* _Assignment_: From top to bottom, write out the listing exactly and skip every picture.

* _Supplied information_:

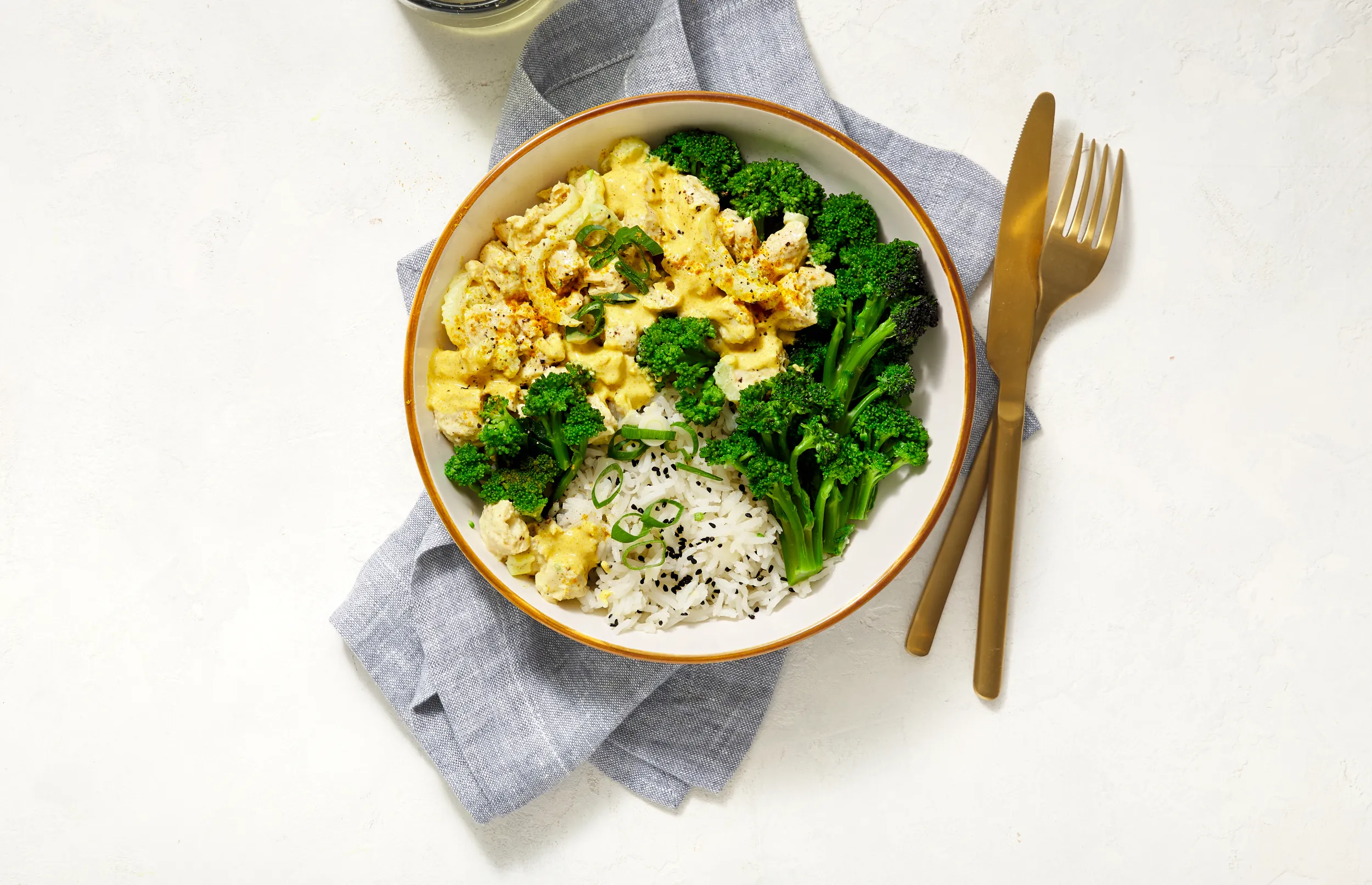 Meng vlak voor het aan tafel gaan de afgegoten gewelde abrikoos bij de Coronation fava. Serveer met de rijst en broccoli.
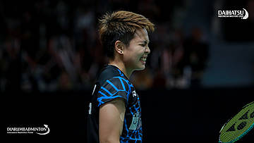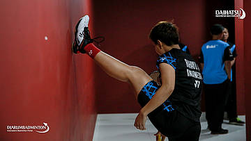 Apriyani RAHAYU (Indonesia) melakukan peregangan
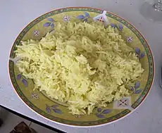 Indian subcontinent | Rice that has been cooked either by steaming or boiling. |
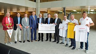 Einen Scheck in Höhe von 20 000 Euro übergibt am Donnerstag, 20. Juli 2017, der Landtagsfanclub des VfB Stuttgart an Vertreter aller drei Fußballverbände zugunsten der Behindertenauswahl des Landes. Diese gibt es seit 2013. Das Geld geht in den Aufbau regionaler Stützpunkte – neben Ravensburg, Heilbronn und Reutlingen soll Freiburg an den Start gehen. Rund 25 junge Erwachsene zwischen 17 und 25 Jahren spielen in der Inklusions-Landesauswahl. Dies durchaus erfolgreich: Zuletzt erzielte der BW-Kader den 4. Platz bei den Deutschen Meisterschaften.

* _Written reply_:
 Meng vlak voor het aan tafel gaan de afgegoten gewelde abrikoos bij de Coronation fava. Serveer met de rijst en broccoli.
 Apriyani RAHAYU (Indonesia) melakukan peregangan
 Indian subcontinent | Rice that has been cooked either by steaming or boiling. |
 Einen Scheck in Höhe von 20 000 Euro übergibt am Donnerstag, 20. Juli 2017, der Landtagsfanclub des VfB Stuttgart an Vertreter aller drei Fußballverbände zugunsten der Behindertenauswahl des Landes. Diese gibt es seit 2013. Das Geld geht in den Aufbau regionaler Stützpunkte – neben Ravensburg, Heilbronn und Reutlingen soll Freiburg an den Start gehen. Rund 25 junge Erwachsene zwischen 17 und 25 Jahren spielen in der Inklusions-Landesauswahl. Dies durchaus erfolgreich: Zuletzt erzielte der BW-Kader den 4. Platz bei den Deutschen Meisterschaften.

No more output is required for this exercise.